> What the task requires
Your answer is to be the count alone: the number of lines in the data below where "this" appears.

*** Opening Data extract ***

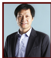
Lei Jun Founder, Chairman & CEO, Xiaomi
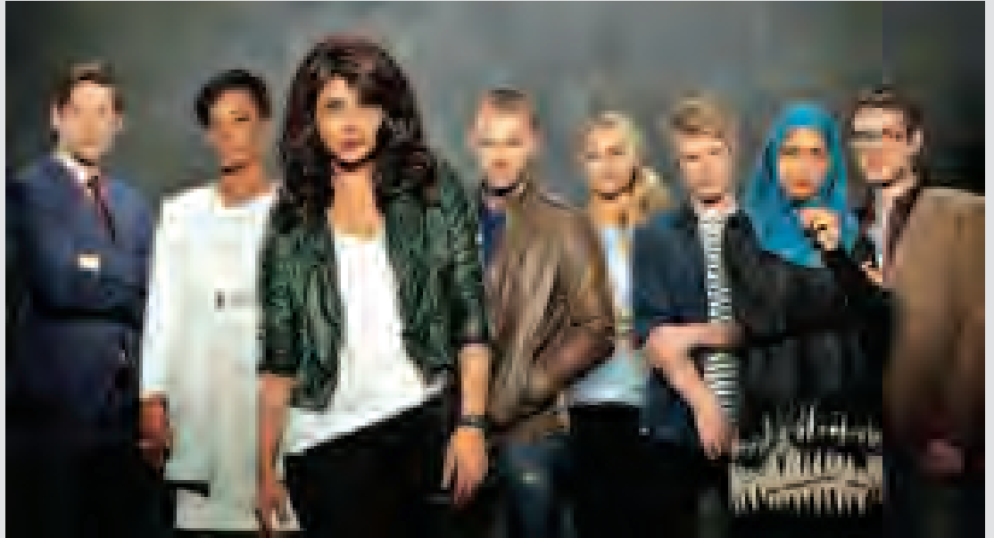
Actress Priyanka Chopra's debut American TV project "Quantico" is set to air this fall.

MUMBAI, 8 May — Actress Priyanka Chopra's debut American TV project "Quantico" is set to air this fall.
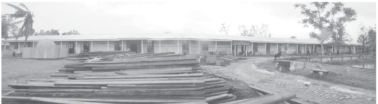
The photo shows the already-repaired No 1 Basic Education High School in Dedaye.

Translation: TTA Kyemon: 13-6-2008 *****

*** Closing Data extract ***

> Output of the exercise
2